Sure, Wikipedia wins in sheer volume but that's it. Encarta was a well curated collection of knowledge that was consistent and perfectly suited for its audience.

More is not always better.



When it comes to knowledge and data more is by definition always better.


Okay, let me link to a pastebin with the entire contents of my hard drive in binary form (with sensitive data removed, of course) and you can give it to your niece to read. Surely that information is more useful than a children's book on science. More data is always better by definition.

That is not the correct use of "by definition." More only means more, not better.

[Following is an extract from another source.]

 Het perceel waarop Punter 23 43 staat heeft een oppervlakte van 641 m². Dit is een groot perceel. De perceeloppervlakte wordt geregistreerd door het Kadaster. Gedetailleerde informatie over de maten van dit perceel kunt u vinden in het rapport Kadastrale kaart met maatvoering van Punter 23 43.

... In that Empire, the Art of Cartography attained such Perfection that the map of a single Province occupied the entirety of a City, and the map of the Empire, the entirety of a Province. In time, those Unconscionable Maps no longer satisfied, and the Cartographers Guilds struck a Map of the Empire whose size was that of the Empire, and which coincided point for point with it. The following Generations, who were not so fond of the Study of Cartography as their Forebears had been, saw that that vast map was Useless, and not without some Pitilessness was it, that they delivered it up to the Inclemencies of Sun and Winters. In the Deserts of the West, still today, there are Tattered Ruins of that Map, inhabited by Animals and Beggars; in all the Land there is no other Relic of the Disciplines of Geography.

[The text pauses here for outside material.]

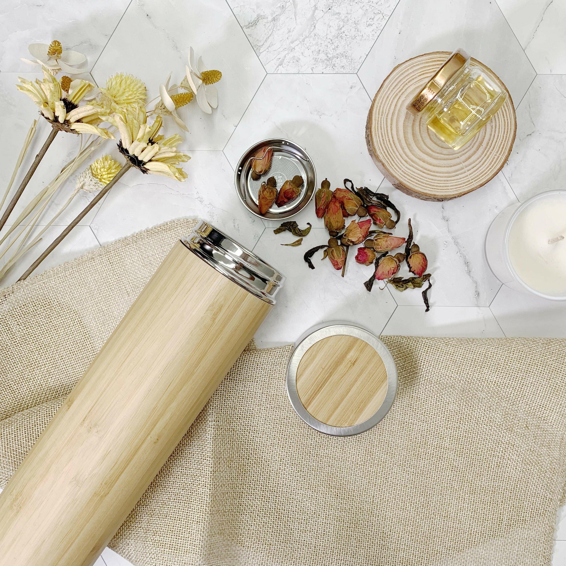 Get stylish with our unique bamboo tumbler. Engraved with our little honey bee logo, this bamboo tumbler comes with a food-grade stainless steel tea strainer. Perfect vessel to keep your beverage cold or hot for up to 12 hours.

purportedly from Suárez Miranda, Travels of Prudent Men, Book Four, Ch. XLV, Lérida, 1658

-- Jorge Luis Borges


That's only true if your brain is perfect and consistent at absorbing and verifying information. Even then, it's unnecessarily reductive.

If you have an enormous amount of information, but know that some unknown 10% of that information is inaccurate (at a facts level, not just in a "I don't agree with the presentation or perspectives portrayed" way), that's dramatically worse than having slightly less information that you can be fairly sure has been (at least factually) verified.

Same with writing quality; a huge amount of information written in a way that your brain can't absorb efficiently (whether because it's in a foreign language, written incoherently, or interspersed with profanity and editorializing) is less useful and worse than less information written in a clear and consistent style.